Dataset excerpts:

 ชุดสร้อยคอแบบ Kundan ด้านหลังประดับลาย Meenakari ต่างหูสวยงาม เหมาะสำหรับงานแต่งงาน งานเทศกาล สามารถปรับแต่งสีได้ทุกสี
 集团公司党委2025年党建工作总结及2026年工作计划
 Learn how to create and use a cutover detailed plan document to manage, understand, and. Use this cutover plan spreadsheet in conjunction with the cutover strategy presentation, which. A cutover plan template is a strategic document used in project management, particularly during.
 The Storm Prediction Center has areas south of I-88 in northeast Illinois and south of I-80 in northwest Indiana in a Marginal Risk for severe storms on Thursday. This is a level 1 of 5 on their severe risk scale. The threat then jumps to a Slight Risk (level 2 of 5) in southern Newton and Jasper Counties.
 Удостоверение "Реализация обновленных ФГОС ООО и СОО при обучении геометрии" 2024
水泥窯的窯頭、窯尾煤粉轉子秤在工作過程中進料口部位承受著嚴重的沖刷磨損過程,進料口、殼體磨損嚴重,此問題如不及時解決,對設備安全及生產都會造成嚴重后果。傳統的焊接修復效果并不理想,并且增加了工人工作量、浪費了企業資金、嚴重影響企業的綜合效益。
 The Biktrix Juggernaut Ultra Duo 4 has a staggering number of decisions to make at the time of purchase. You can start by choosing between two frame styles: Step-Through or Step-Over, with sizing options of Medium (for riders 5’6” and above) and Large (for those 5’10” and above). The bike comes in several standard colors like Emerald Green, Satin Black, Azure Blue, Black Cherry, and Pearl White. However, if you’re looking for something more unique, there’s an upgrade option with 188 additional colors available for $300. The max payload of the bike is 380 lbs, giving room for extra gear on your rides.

*REQUIRED ACTION:*
Give back the opening line of the records above and every line after it, up to and including the one with "水泥窯的窯頭、窯尾煤粉轉子秤", unchanged.

*WRITTEN ANSWER:*
 ชุดสร้อยคอแบบ Kundan ด้านหลังประดับลาย Meenakari ต่างหูสวยงาม เหมาะสำหรับงานแต่งงาน งานเทศกาล สามารถปรับแต่งสีได้ทุกสี
 集团公司党委2025年党建工作总结及2026年工作计划
 Learn how to create and use a cutover detailed plan document to manage, understand, and. Use this cutover plan spreadsheet in conjunction with the cutover strategy presentation, which. A cutover plan template is a strategic document used in project management, particularly during.
 The Storm Prediction Center has areas south of I-88 in northeast Illinois and south of I-80 in northwest Indiana in a Marginal Risk for severe storms on Thursday. This is a level 1 of 5 on their severe risk scale. The threat then jumps to a Slight Risk (level 2 of 5) in southern Newton and Jasper Counties.
 Удостоверение "Реализация обновленных ФГОС ООО и СОО при обучении геометрии" 2024
水泥窯的窯頭、窯尾煤粉轉子秤在工作過程中進料口部位承受著嚴重的沖刷磨損過程,進料口、殼體磨損嚴重,此問題如不及時解決,對設備安全及生產都會造成嚴重后果。傳統的焊接修復效果并不理想,并且增加了工人工作量、浪費了企業資金、嚴重影響企業的綜合效益。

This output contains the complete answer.